Changes in credibility are fundamentally about changes in the process by which people form expectations. But as far as consumer expectations are concerned, that process appears remarkably stable. For example, if you use data through the early 2000s to estimate equations that link inflation expectations to contemporaneous inflation, you will find that those relationships fit remarkably well out of sample. They don’t show the systematic underprediction of inflation expectations one might expect if the Fed had suffered a significant loss of credibility at this point. The dependence of consumer inflation expectations on recent data also leads me to believe that they will fall if, in fact, headline inflation comes down as we are predicting as commodity prices level off.

Furthermore, I don’t think that households’ elevated expectations will make it harder to achieve our projections. Earlier research suggested that surveys did, in fact, provide useful information about future inflation. But during the past 15 or 20 years, the actual inflation process has become much less persistent even though households appear to assume otherwise. There is, thus, a notable divergence between the actual inflation process and the one that is embodied in consumers’ inflation forecasts. As a result, inflation forecasts incorporating consumer expectations have been a lot less than stellar over this recent period. So it does not appear unreasonable to believe that the effects of recent commodity price shocks will wear off faster than consumers are expecting. An unresolved question is, Whose expectations matter for the dynamics of inflation? I take some solace from the fact that 10-year inflation expectations in the Survey of Professional Forecasters have been relatively stable since the late 1990s and from the fact that five-to-ten-year breakeven rates on TIPS are below their peaks from earlier in the year.

Taken all together, I think inflation expectations remain reasonably well anchored. The oil price increases have led me to raise my projections for overall PCE inflation sharply. Cost pressures are likely to push core inflation up a bit, though I see less pass-through than the Greenbook does. Higher oil prices and interest rates and lower housing prices have led me to modestly reduce my forecast of growth in the second half of this year and next year. My forecast is predicated on fed funds rate increases that begin in December of this year, gradually bringing the funds rate to 4¼ percent in 2010.
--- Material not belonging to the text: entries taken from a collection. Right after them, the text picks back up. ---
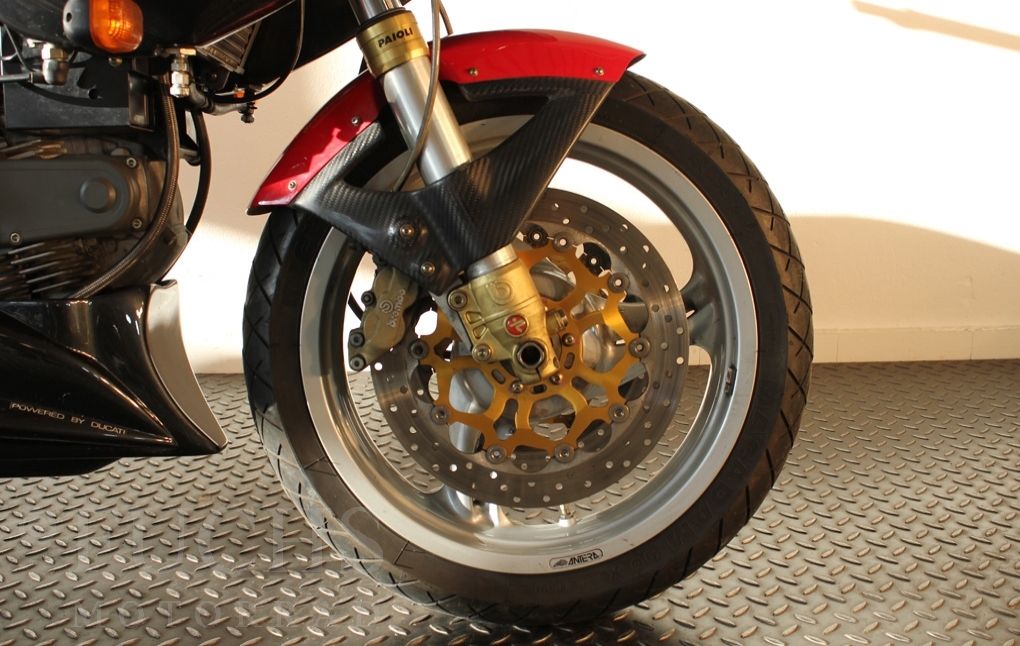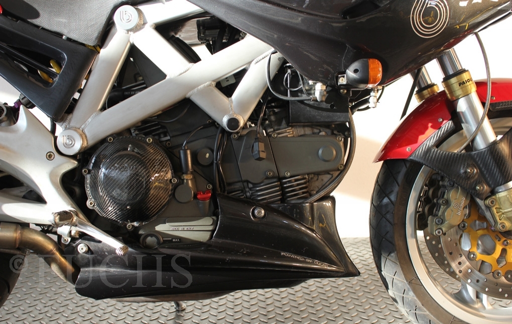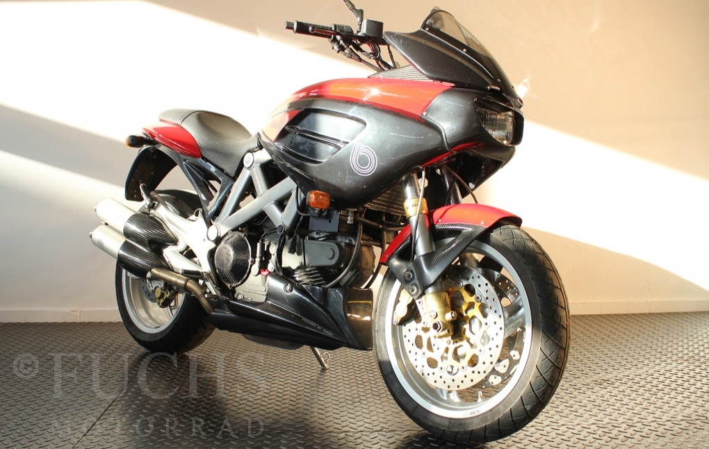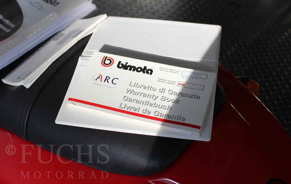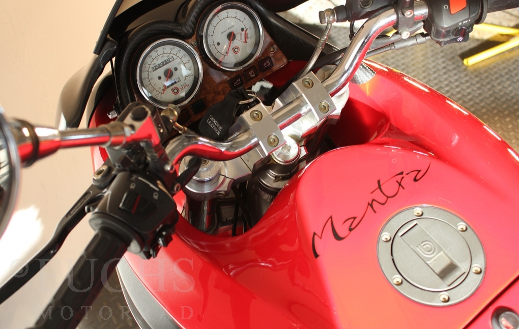Die Mantra wurde in der Zeit von 1995-1998 produziert. Es entstanden von unserem Modell 454 Exemplare. Der Gitterrohrrahmen aus Leichtmetall beherbergt einen leistungsgesteigerten Ducati-Motor. Ein polarisierdens Design das auch dazu führte, dass die Mantra in namhaften Museen ausgestellt wird.
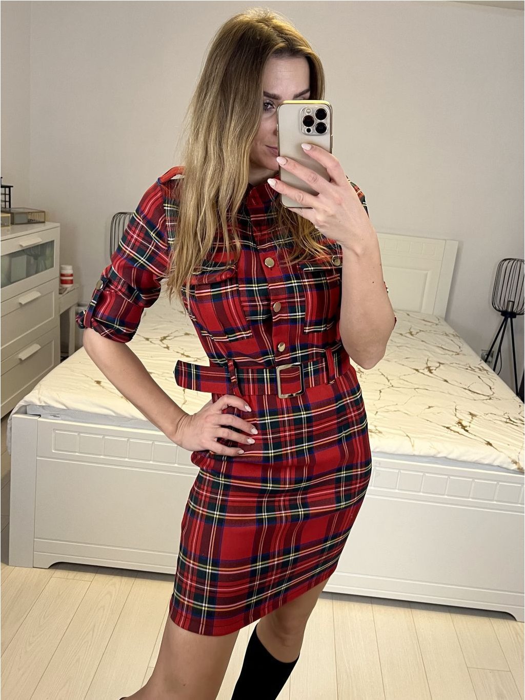 Šaty elegantní košilové vánoční dlouhý rukáv dámské (S/M ONE SIZE) ITALSKÁ MÓDA IMM23M5390/DU
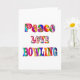 Share your love for bowling with this shiny blue design saying Peace Love Bowling. Great gift for a bowler.
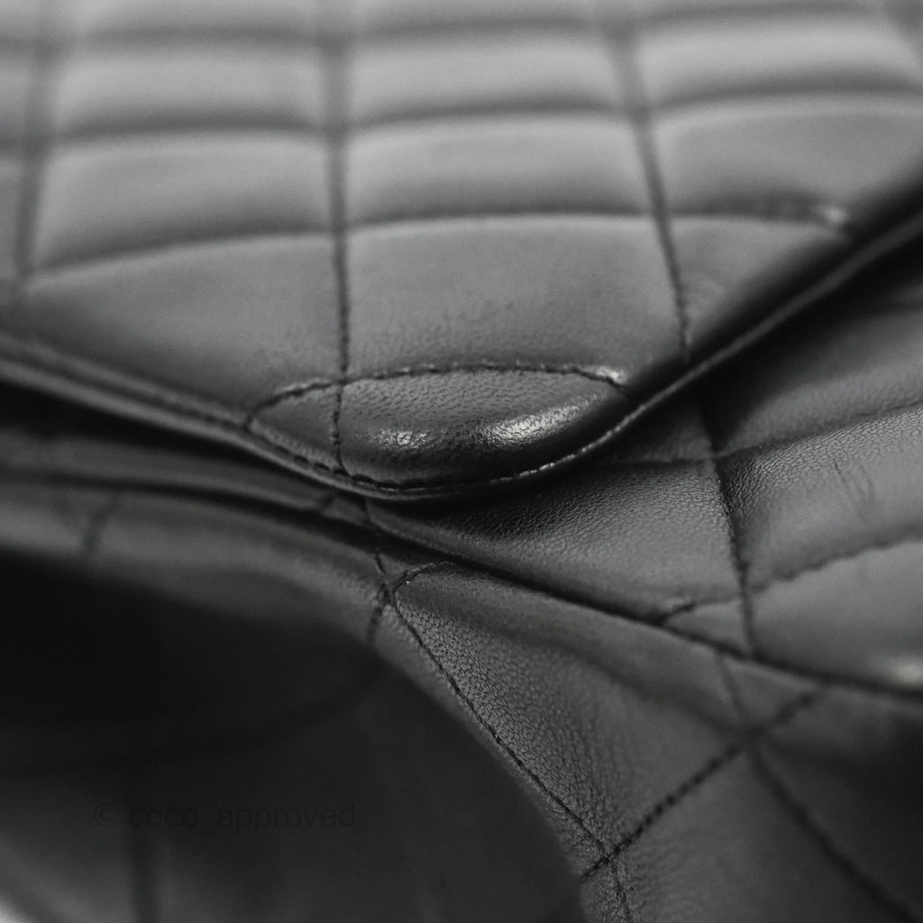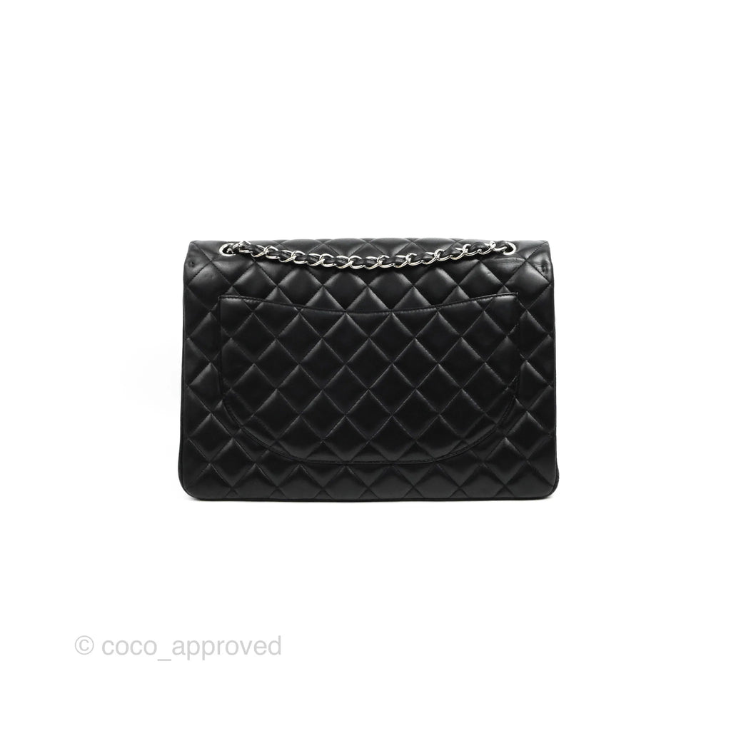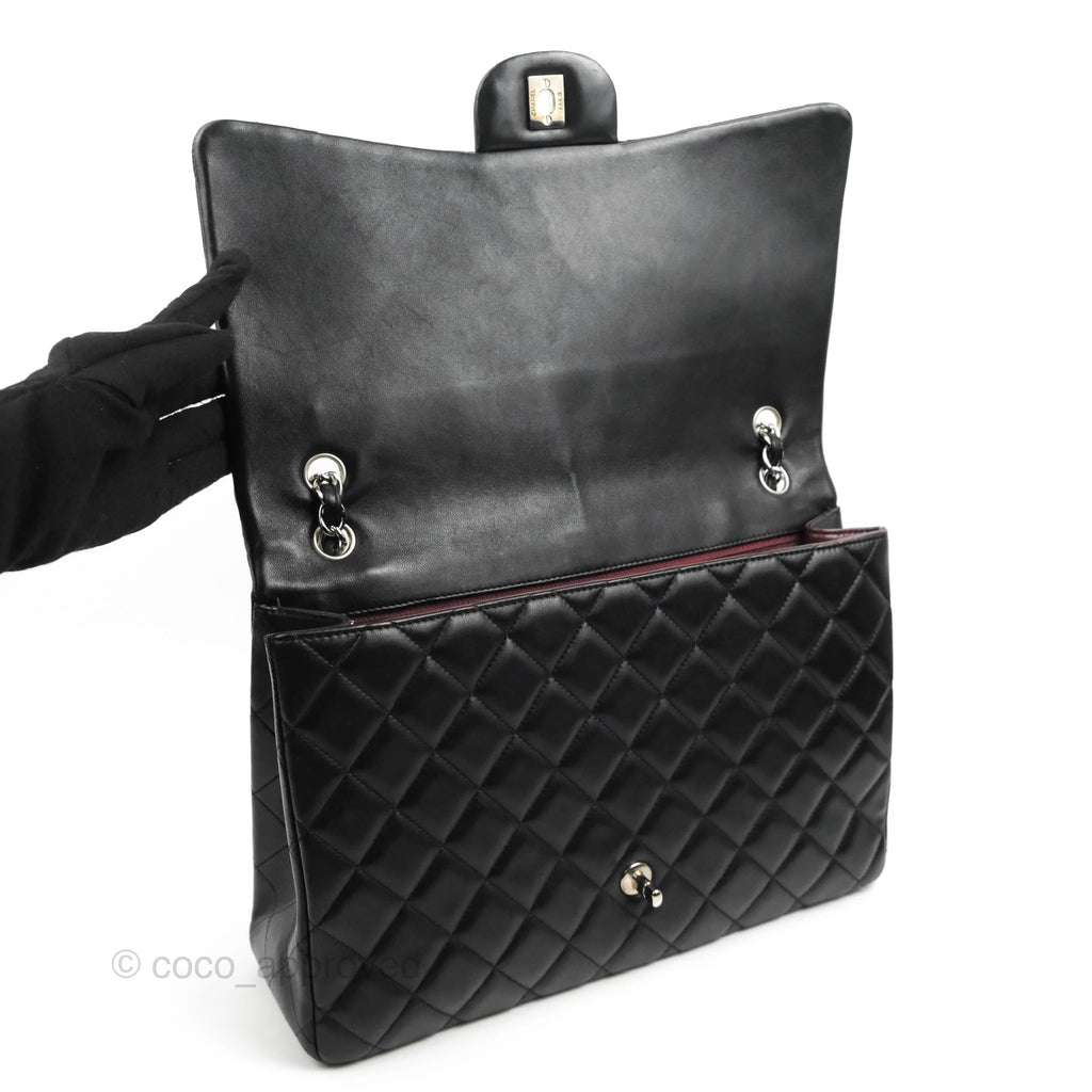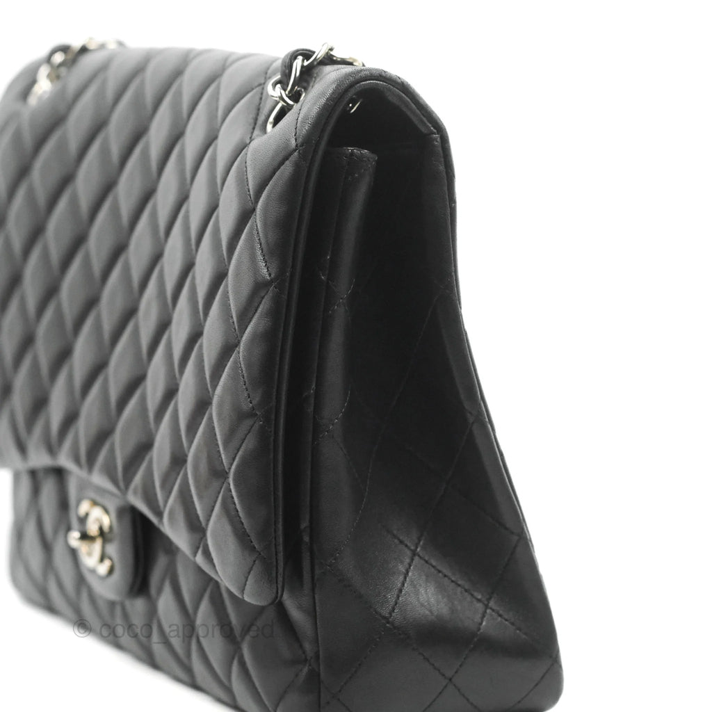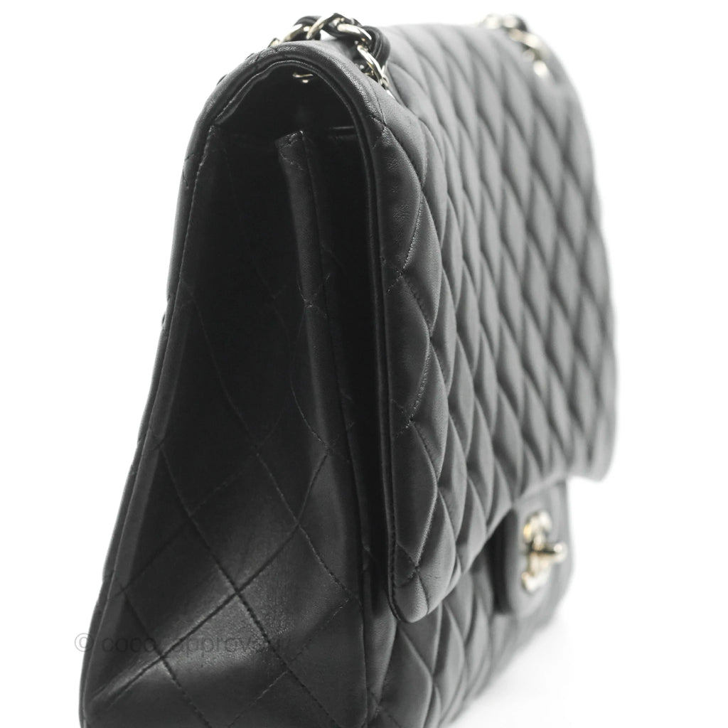 Chanel Single Flap Maxi Lambskin Black Silver Hardware
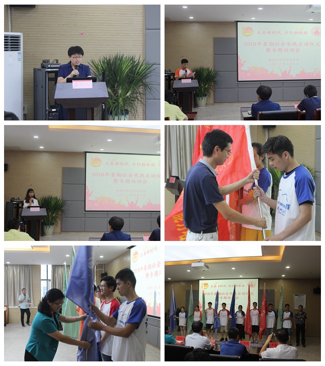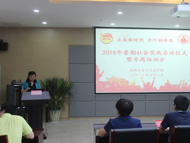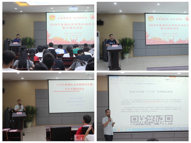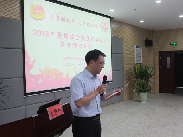 在理化大楼304报告厅隆重举行2018年暑期社会实践启动仪式暨专题培训会。校团委副书记汪凯,校教务处副处长崔光磊,暑期实践思政指导老师李新,学院党委书记李娟、副书记吴长义、副院长张其芳,指导教师代表丁绪星、汪志荣、刘小明、甘露,全体专兼职辅导员以及实践团队代表参加了启动仪式。仪式由院团委负责人宋凤楼主持。
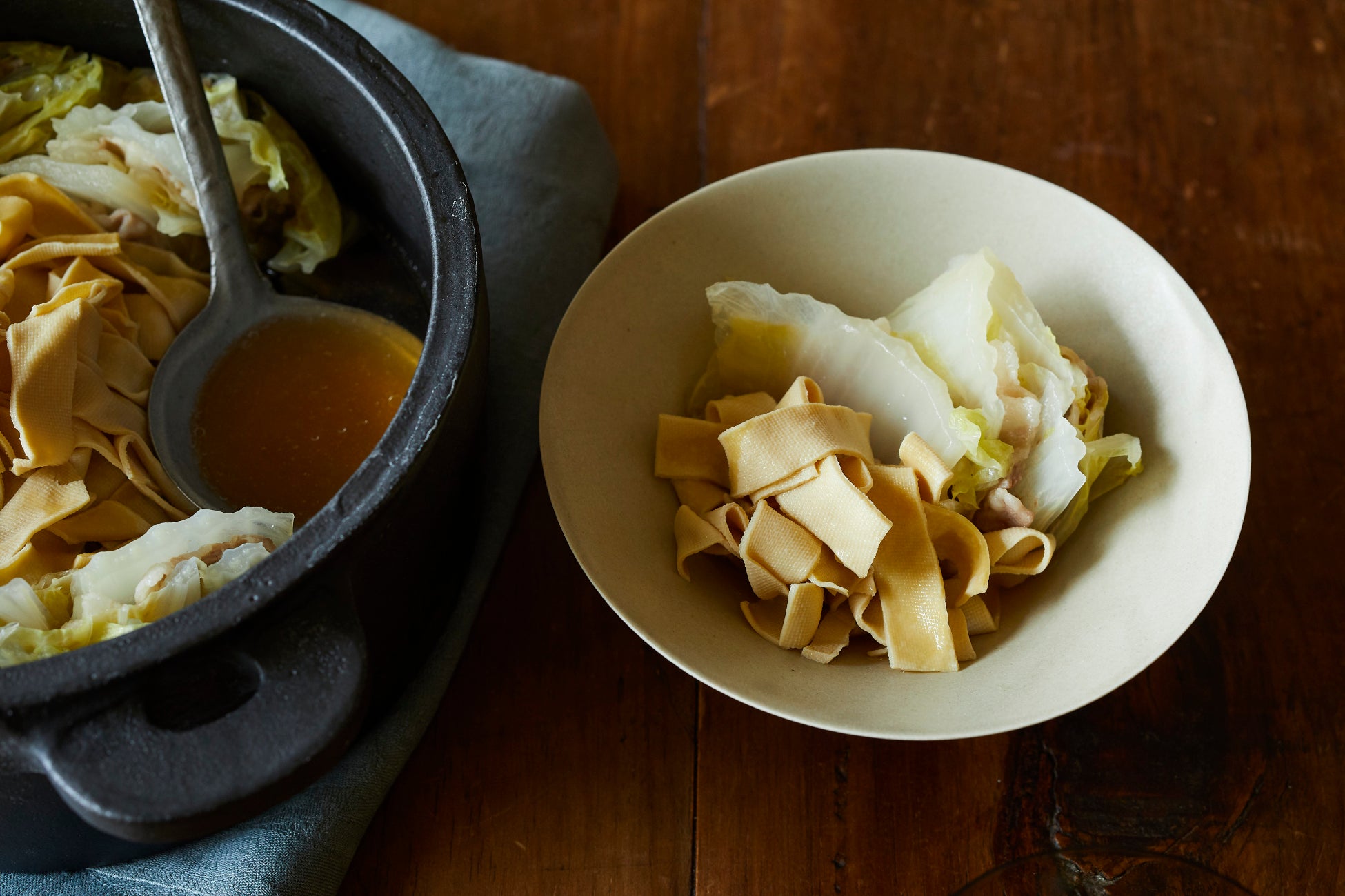 鍋料理の定番、豚バラと白菜のミルフィーユ鍋にも豆腐干を中央に乗せてボリューミーに。直径約20㎝の鍋にギュッと詰めることで、豚肉と白菜の層が崩れずにキレイに仕上がります。

Briefly, on the issue of long-term economic projections, I welcome greater transparency about our long-term objectives. I think that would be beneficial, and there is a good reason, as you have articulated, to try to do that now, given that for many of us—certainly for me—2010 is not long enough for me to project that the economy will have converged to a steady state. My preference is to provide projections of the average values for output growth, unemployment, and total inflation that are expected, say, five to ten years out. I think that these values can communicate the necessary steady-state information without burdening us with forecasting every year of the transition to the steady state. Also, I would favor conducting a trial in October.